Janko Alexy (25 January 1894 in Liptovský Mikuláš – 22 September 1970 in Bratislava) was a famous painter, writer, and publicist of Slovak origin. He is generally recognized (together with Martin Benka and Ľudovít Fulla) as one of key personalities in the beginning of Modern Slovak Art.

==Life==
He studied at the Akademie Výtvarných Umění (Academy of Visual Arts) in Prague by Vlaho Bukovac, Maximilian Pirner and Max Švabinský. He lived in Liptovský Mikuláš, Martin and from 1937 in Bratislava.

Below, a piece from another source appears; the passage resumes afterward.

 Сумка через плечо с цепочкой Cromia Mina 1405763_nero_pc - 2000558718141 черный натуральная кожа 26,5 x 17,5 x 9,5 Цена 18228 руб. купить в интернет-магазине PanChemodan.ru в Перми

He began his creative artistic career with socially motivated expressive works from the environment of the urban periphery, as he called it. He developed genre painting in an original way, inspired by ballads, folk songs and legends (Hôrni chlapci – Mountain Robbers). He also devoted attention to stained glass and tapestries. Pastel was his most characteristic artistic technique. Alexy's decorative genre of pastels is prevalent throughout his rural pieces (Kúria Baanovcov v Trstenom – Curia of the Baans in Trstené). Alexy was especially adept at painting cityscapes, though peculiarly, for usually an air of abstract expressionism resided in the works.

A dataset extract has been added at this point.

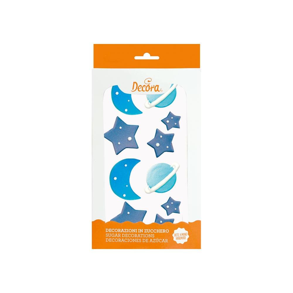 Cukrové zdobení na dort vesmír hvězdy a měsíc 10ks - Decora

He also created several models for architectural projects, e.g. the window-pane at the P. O. Hviezdoslav Theatre in Bratislava.

In his literary works J. Alexy preferred themes from the life of Slovak bohemia and autobiographical topics: Život nie je majáles (1956, Life is Not a May Festival), Osudy slovenských výtvarníkov (1948, Destinies of Slovak Graphic and Plastic Artists).